Some quotes come up in the food -writing business all the time. Like,

“I cook with wine. Sometimes I even add it to the food.” W.C. Fields 

“Cauliflower is nothing but cabbage with a college education.” Mark Twain

“Cheese is milk's leap toward immortality.” Clifton Fadiman

 I think of the Fadiman phrase every time I eat fresh mozzarella, because I think of this cheese as a failed leap toward immortality. Mozzarella is barely a step, hardly a leap, away from milk, and it's highly perishable, hardly immortal.

 The mozzarella made south of Naples from water buffalo milk is probably the best in the world. But since freshness is key, the mozzarella you just pulled from its water bath might be the best available. My friend Paula Lambert has been making fresh mozzarella at her Mozzarella Company in Texas since 1982—she uses mostly cow's milk—that kind of mozzarella is called fior de latte. (Sometimes you can get Paula's cheeses at Liberty Heights Fresh. More and more delis, groceries and specialty food shops here make their own mozzarella, though they start with provided curd, a significant shortcut.

 I went out to Harmons on 7th yesterday to learn how to make mozzarella from curd. If you want to learn how to make it at home, keep an eye on Harmons' stores' cooking class schedule—mozzarella-making shows up from time to time.

 A mozzarella recipe doesn't call for many ingredients: just curds (you can buy yours from Harmons), sea salt, water and ice.

 The necessary equipment is equally simple: a couple of stockpots, three utility tubs, a knife, a thermal dispenses, paper towels, a meat thermometer, heat-protective and waterproof gloves and a perforated baking sheet or rack.

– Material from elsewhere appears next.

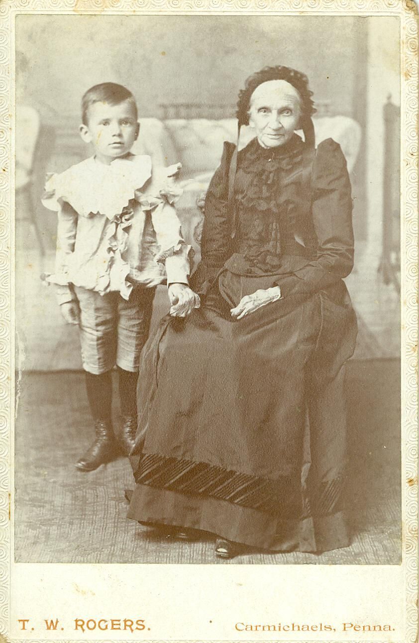 Source Citation: Mitchener Album 01, Photo 51 - Mary (Way) Mitchener with her great-grandson John Hershey Byerly, item no. BAID-AN001-0051, William M. Baily Collection, shared by Daniel M. Baily, Greene Connections Archives Project (www.GreeneConnections.com).

 Heat one gallon of water to 100 degrees. Heat 3 gallons of water and a cup of salt to 180 degrees.

Prep: Cut curds into 1/2-inch cubes and place in a tub. Pour 100-degree water over the curds, and stir gently with gloved hand. Fill the other tub halfway with ice and fill with water. Pour the hot brine into the thermal dispenser.


To make cheese, put warmed curds into the hot brine.

Pull the chunks toward you through the water with a rolling motion,

gathering them into a rough log shape. Push them away from you with the same motion. Repeat a few times until the curds knit together loosely. Don't overdo, or you'll have tough cheese.

Hold the glop of cheese over the water and let it hang and stretch. Gather it up and repeat several times until the cheese looks shiny with no lumps.

Pinch off a lump and hand-knead it to form a ball with a nice taut skin, then plop it into the ice bath to cool for about 30 minutes. Drain balls on rack over paper towels. Chill mozzarella down to 40 degrees within four hours.